Ещё больше бомбардиры удивились, когда им сообщили, что экспедиция возвращается «со щитом». Оба явились к Маковею не менее радостные, чем любой из жителей города.
– Господин полковник! Я и поручик Смолин имеем вам сказать, что мы весьма рады тем, что экспедиция закончилась столь удачно, и люди ваши возвращаются целы и невредимы, с добычей и с прибылью. Нам зело любопытно узнать, как сия вылазка у них получилась.
– Спасибо на добром слове, поручик! – Маковей ухмыльнулся. – Конечно, узнаете, как только они сюда явятся и немного отдохнут. Мне и самому это чрезвычайно любопытно.
– Мы думаем, что могли бы быть полезными при встрече ваших гостей! – сказал Смолин. – При условии, конечно, что нам воротят наши мундиры.
– Я сам хотел просить вас об этом, господа! А мундиры вам вернут, – Владимир Михайлович загадочно улыбнулся. – Пройдёмте-ка со мной в быткомбинат!..
Теперь царские бомбардиры стояли в новеньких, с иголочки мундирах своего полка вдоль дороги, выходящей из леса, двумя редкими цепями напротив друг друга и держали перед собой «На-караул» ружья с воткнутыми в ствол штыками. Офицеры стояли во главе цепей с обнаженными шпагами, выделяясь особенно бравым видом и белоснежными офицерскими шарфами.

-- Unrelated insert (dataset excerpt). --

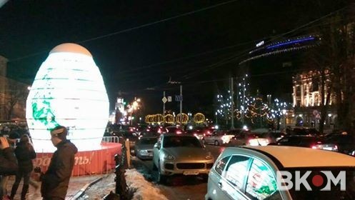 Як повідомив кореспондент «Главкома», майже годину був паралізований рух громадського транспорту на Володимирській, а ведучі свята змушені були брати активну участь у пошуках горе-водія.

В самом конце почётного караула, там, где начинались железнодорожные пути, стояла большая группа встречающих. Отдельно от персонала, состоящего из милиционеров и медиков, готового принимать и размещать людей во временном жилье в разгороженных вагонах-«теплушках» на время карантина, стояло начальство: губернатор Маковей с заместителями Масловым, Кидманом, Дубовым, а также Шестовым, прибывшим час назад на УАЗике предупредить о приближении обоза, и главврачом Татьяной Александровной Лейкам. Поодаль, впереди всех стоял отец Александр и что-то не то ворчал, не то бормотал вполголоса, вглядываясь в лес, откуда должна была появиться колонна.
Первыми из леса пешком вышли Незабудько и Исмаилов, как всегда, выполняющие роль головного дозора. Завидев, какая здесь приготовлена встреча, они бросились назад, чтобы предупредить Ледяева и подтянуть колонну.
Ещё через десять минут на дороге показалась первая телега. Лошадей, от которых остались, можно сказать, кожа да кости, под уздцы вёл, а скорее, даже не вёл, а тащил солдат, доведённый дальним переходом почти до такого же состояния. Но он, в отличие от лошадей, был доволен и улыбался так, что зубы были видны на чумазом и бородатом лице за сто метров.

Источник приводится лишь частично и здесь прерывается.